--- RECORDED INFORMATION ---
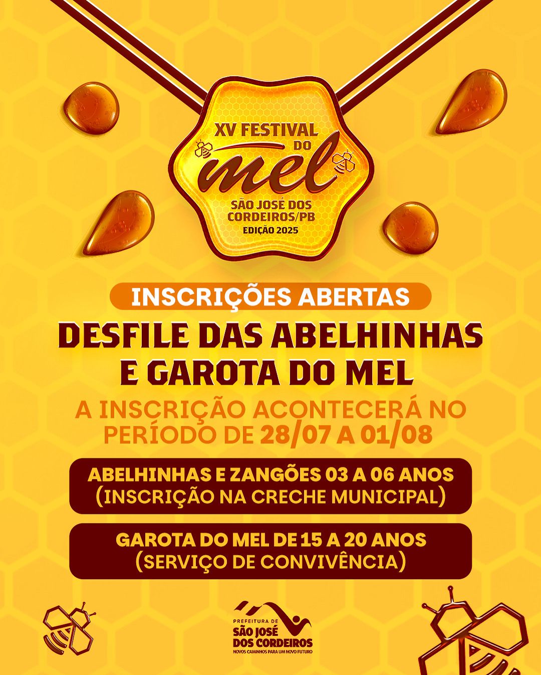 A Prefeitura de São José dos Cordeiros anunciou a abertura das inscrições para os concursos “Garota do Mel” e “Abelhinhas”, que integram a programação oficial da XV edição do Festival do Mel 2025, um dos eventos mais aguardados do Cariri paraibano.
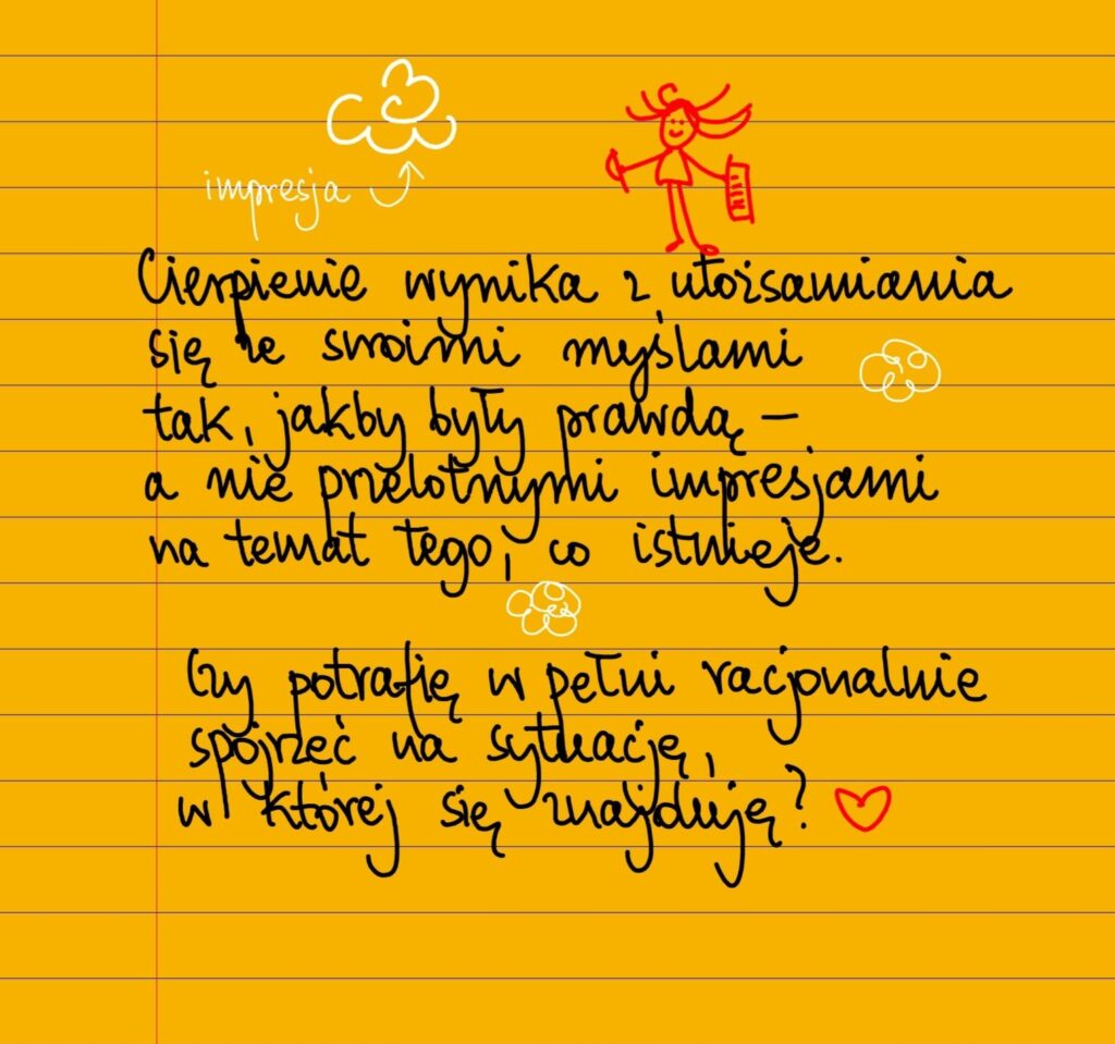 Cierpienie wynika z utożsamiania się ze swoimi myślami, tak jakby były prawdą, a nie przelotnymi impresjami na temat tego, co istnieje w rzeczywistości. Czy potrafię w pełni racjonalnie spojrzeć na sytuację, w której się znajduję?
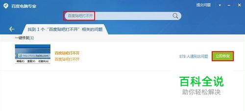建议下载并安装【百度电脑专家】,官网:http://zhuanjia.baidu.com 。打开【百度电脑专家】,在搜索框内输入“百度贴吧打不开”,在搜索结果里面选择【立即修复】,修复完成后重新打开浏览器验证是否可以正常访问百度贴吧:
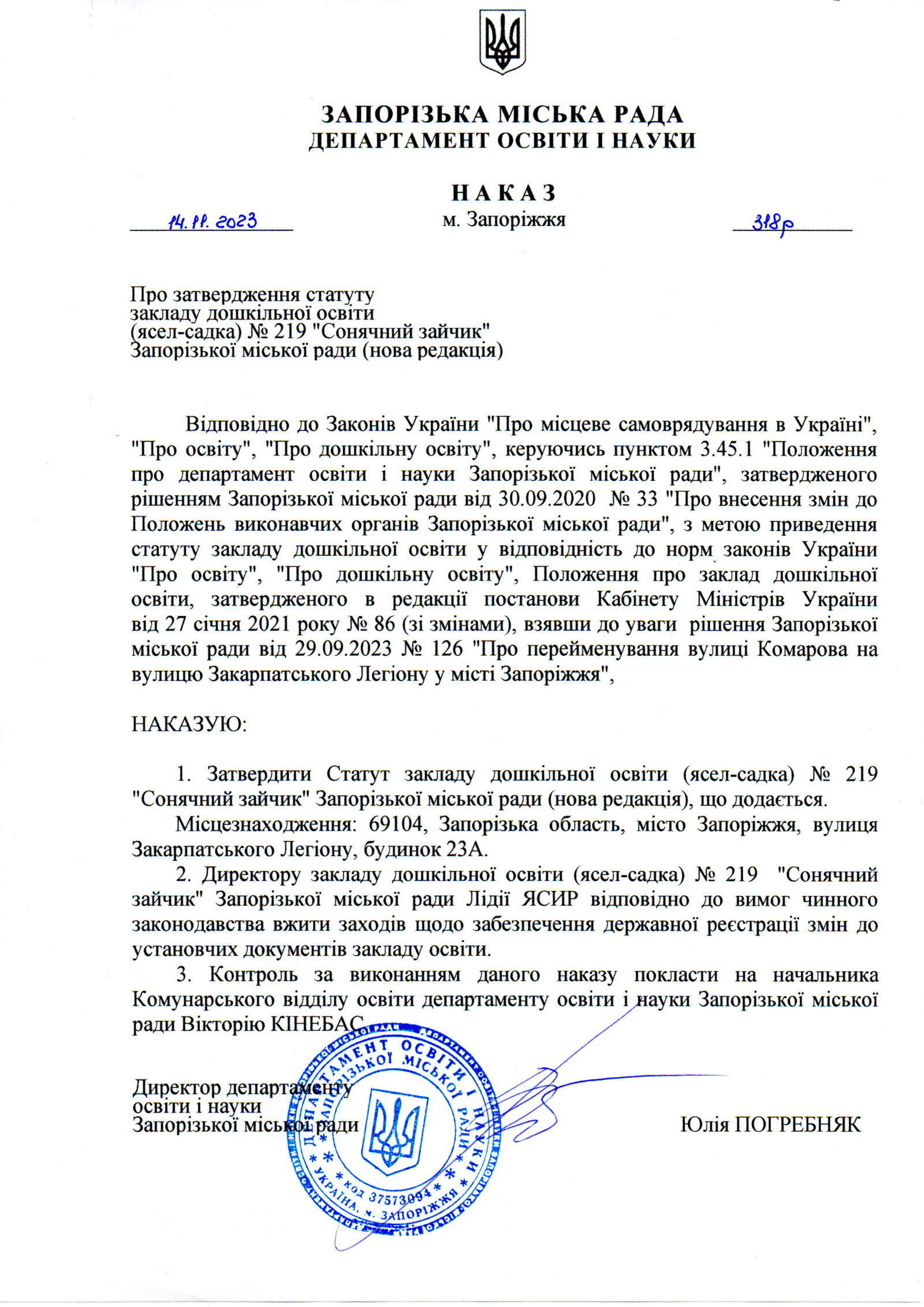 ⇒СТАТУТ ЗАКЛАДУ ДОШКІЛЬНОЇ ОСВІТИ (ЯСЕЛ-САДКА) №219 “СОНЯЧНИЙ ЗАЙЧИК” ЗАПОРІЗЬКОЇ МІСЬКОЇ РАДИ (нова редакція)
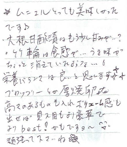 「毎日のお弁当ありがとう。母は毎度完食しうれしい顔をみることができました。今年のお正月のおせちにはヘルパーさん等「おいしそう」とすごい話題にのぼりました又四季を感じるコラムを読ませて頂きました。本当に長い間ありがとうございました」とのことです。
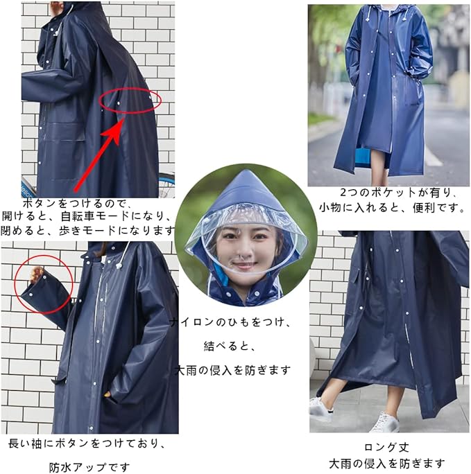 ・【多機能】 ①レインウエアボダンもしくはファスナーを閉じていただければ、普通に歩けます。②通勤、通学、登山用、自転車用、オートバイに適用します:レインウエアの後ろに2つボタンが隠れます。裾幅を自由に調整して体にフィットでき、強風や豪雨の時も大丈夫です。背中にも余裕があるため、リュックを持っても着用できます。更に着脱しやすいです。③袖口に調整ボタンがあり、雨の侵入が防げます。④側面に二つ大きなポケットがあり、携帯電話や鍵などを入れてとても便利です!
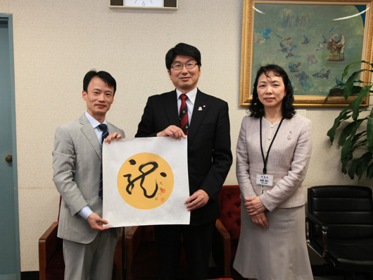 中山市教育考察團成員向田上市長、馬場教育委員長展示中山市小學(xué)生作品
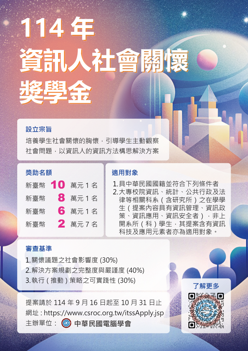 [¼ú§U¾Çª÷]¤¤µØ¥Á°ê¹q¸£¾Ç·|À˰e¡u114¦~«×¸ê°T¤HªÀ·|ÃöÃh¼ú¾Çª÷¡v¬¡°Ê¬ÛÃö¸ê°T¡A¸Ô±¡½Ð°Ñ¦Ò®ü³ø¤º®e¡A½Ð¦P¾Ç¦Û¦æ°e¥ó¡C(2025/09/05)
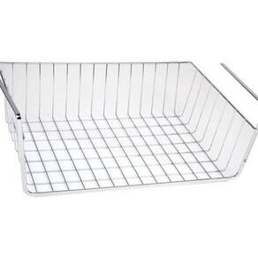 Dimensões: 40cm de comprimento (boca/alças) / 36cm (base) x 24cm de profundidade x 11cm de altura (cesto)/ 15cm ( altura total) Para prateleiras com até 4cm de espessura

--- TASK STATEMENT ---
Leaving every image behind, repeat the data in full and exactly.

--- SOLUTION FOR THIS EXERCISE ---
 A Prefeitura de São José dos Cordeiros anunciou a abertura das inscrições para os concursos “Garota do Mel” e “Abelhinhas”, que integram a programação oficial da XV edição do Festival do Mel 2025, um dos eventos mais aguardados do Cariri paraibano.
 Cierpienie wynika z utożsamiania się ze swoimi myślami, tak jakby były prawdą, a nie przelotnymi impresjami na temat tego, co istnieje w rzeczywistości. Czy potrafię w pełni racjonalnie spojrzeć na sytuację, w której się znajduję?
建议下载并安装【百度电脑专家】,官网:http://zhuanjia.baidu.com 。打开【百度电脑专家】,在搜索框内输入“百度贴吧打不开”,在搜索结果里面选择【立即修复】,修复完成后重新打开浏览器验证是否可以正常访问百度贴吧:
 ⇒СТАТУТ ЗАКЛАДУ ДОШКІЛЬНОЇ ОСВІТИ (ЯСЕЛ-САДКА) №219 “СОНЯЧНИЙ ЗАЙЧИК” ЗАПОРІЗЬКОЇ МІСЬКОЇ РАДИ (нова редакція)
 「毎日のお弁当ありがとう。母は毎度完食しうれしい顔をみることができました。今年のお正月のおせちにはヘルパーさん等「おいしそう」とすごい話題にのぼりました又四季を感じるコラムを読ませて頂きました。本当に長い間ありがとうございました」とのことです。
 ・【多機能】 ①レインウエアボダンもしくはファスナーを閉じていただければ、普通に歩けます。②通勤、通学、登山用、自転車用、オートバイに適用します:レインウエアの後ろに2つボタンが隠れます。裾幅を自由に調整して体にフィットでき、強風や豪雨の時も大丈夫です。背中にも余裕があるため、リュックを持っても着用できます。更に着脱しやすいです。③袖口に調整ボタンがあり、雨の侵入が防げます。④側面に二つ大きなポケットがあり、携帯電話や鍵などを入れてとても便利です!
 中山市教育考察團成員向田上市長、馬場教育委員長展示中山市小學(xué)生作品
 [¼ú§U¾Çª÷]¤¤µØ¥Á°ê¹q¸£¾Ç·|À˰e¡u114¦~«×¸ê°T¤HªÀ·|ÃöÃh¼ú¾Çª÷¡v¬¡°Ê¬ÛÃö¸ê°T¡A¸Ô±¡½Ð°Ñ¦Ò®ü³ø¤º®e¡A½Ð¦P¾Ç¦Û¦æ°e¥ó¡C(2025/09/05)
 Dimensões: 40cm de comprimento (boca/alças) / 36cm (base) x 24cm de profundidade x 11cm de altura (cesto)/ 15cm ( altura total) Para prateleiras com até 4cm de espessura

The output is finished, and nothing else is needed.